An overview of the steps required in our multivariate processing for population analysis of tensor and scalar components. The Jacobian measures local volume of neuroanatomy, while tensor-derived scalars relate to the integrity of cellular structure. Multivariate tests enable relationships between these variables to enhance statistical power for detecting group differences.

Fig. 2

Here we see one slice from the template T1 (left) and T1 plus DT (right) after intra-modality distortion correction. The RGB channel intensity is weighted by the FA and indicates principal fiber direction going left-to-right (red) going bottom-to-top (green) and going in-and-out of the page (blue) which are superimposed on the T1 image in the right panel.

Fig. 3

Triplanar views of the DT component of the template (top), the T1 component of the template (center) and the combined MV template (bottom). Inter– modality distortion correction, with a small deformation model, is necessary to bring these images into alignment.

Fig. 4

Two integrated MV datasets of individual anatomical structure and the mapping between the MV datasets via transformation, ϕ. Our methods are able to leverage both modalities to guide the computation of ϕ with maximal subject information. Curved arrows indicate intersubject transformations while straight arrows indicate intrasubject transformations.

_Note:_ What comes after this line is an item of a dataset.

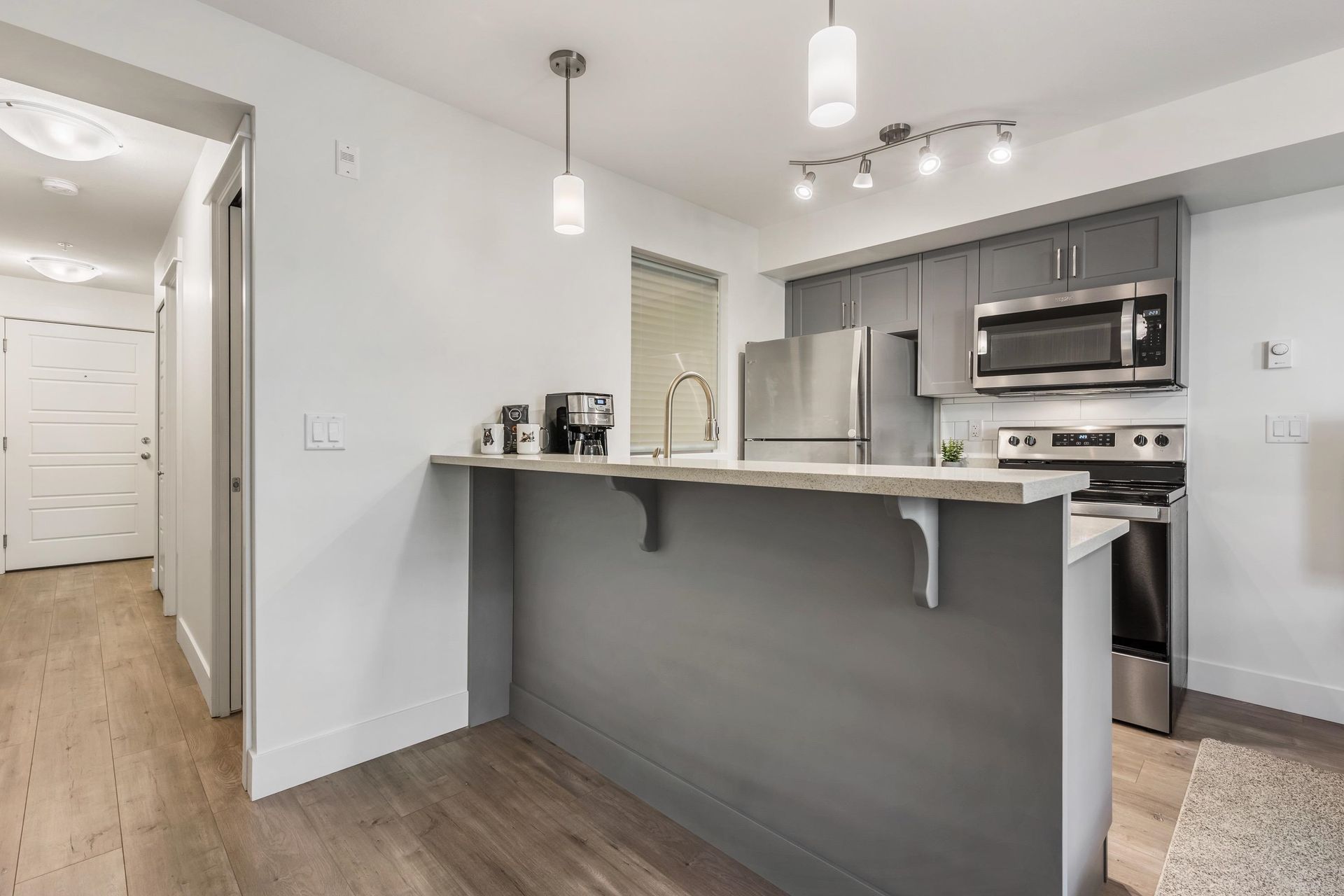 Get a brand new unit without GST! Taxes, strata, utility cost all very low. New roof! New quartz countertops and new backsplash, new stainless steel appliances, new washer/dryer, new laminate flooring and fresh paint. Juliette balcony with a generous floor to ceiling window providing lots of natural light. 1 underground parking and 1 storage. Pets and rentals allowed. No age restrictions. Whether you're a first time buyer or savvy investor, this property offers a prime location walking distance to Highstreet Mall, restaurants and grocery stores, plus easy commuter access to Hwy 1. Don't just find a home, find a lifestyle where modern design meets practical living!
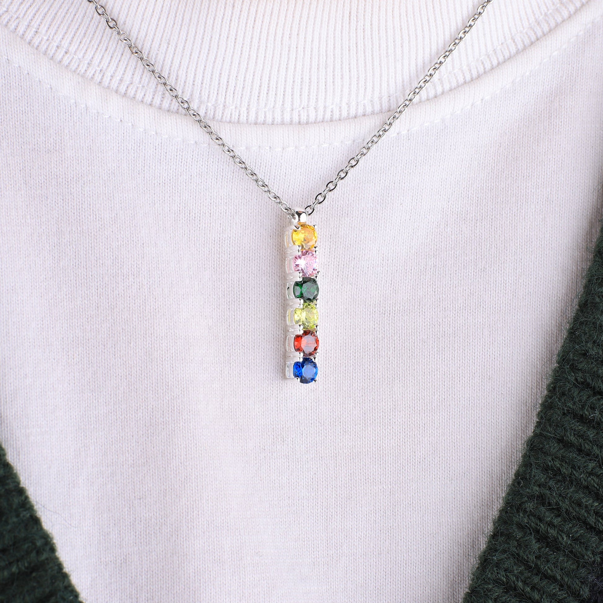 ¡Personalízame! Personaliza tu collar de piedras de nacimiento familiares con hasta seis piedras de nacimiento.

The TBI subject, at left, exhibits ventricular enlargement visible in both the DT and T1 modality. Note that the SyNMN technique is able to deform both modalities into the configuration shown in the center column, closely resembling the template in the right column. This map factors out diffeomorphic shape differences between the individual brain volumes.

Fig. 5

The optimization of the DT and T1 combined similarity term leads to a combined gradient term. Within white matter, the majority of the gradient contribution comes from the DT component, while elsewhere the gradient is either from the T1 or a smooth combination of T1 and DT, at white matter and gray matter interfaces.

Fig. 6

Column (a) shows a target DT image where as (b) shows a SyNMN mapping from an individual DT to the target DT. Column (c) shows the SyN result, which ignores the DT component. Better alignment of tensors with SyNMN are visible within the caudate at top and within the corticospinal tract along the bottom row. The lack of quality tensor alignment in the SyN result is not due to low quality normalization of T1 images, but rather due to the fact that the data visualized here is invisible in the T1 modality.

Fig. 7

The bivariate performance, in our TBI dataset, of SyN-T1, SyN-DT and SyNMN are shown in the graphs above for mutual information and the deviatoric tensor distance. SyNMN provides a balanced optimization of both terms, across the dataset. For some cases, one may see that SyNMN outperforms SyN in the mutual information term.

Fig. 8

Two slices from the Demons mapping of template to individual are shown in (a); the SyNMN mapping of template to individual is in (b). The individual is in (c). Note that the Demons mapping is of overall high quality. However, the fine details (some outlined in yellow) are not as accurately mapped as in SyN and SyNMN. Detailed matching – and the ability to capture large deformation – is where the advantage of diffeomorphisms arise, in contrast to “elastic” types of methods. However, we cannot claim to have an optimal implementation of the Demons algorithm.

Fig. 9

T² results after FDR correction at p < 0.05 indicate that the left and right mediodorsal thalamus and the hippocampus are affected by TBI. Sagittal slices (a) (b) and (c) are highlighted in the axial slice and indicate right mediodorsal thalamus, left mediodorsal thalamus and the left anterior hippocampus, respectively. The MV test, here, indicates that the mean diffusion is larger and the log-Jacobian smaller in the TBI subjects relative to controls. Similar results were gained with SyN. However, the hippocampus cluster did not survive FDR correction. Images are displayed in radiologic convention.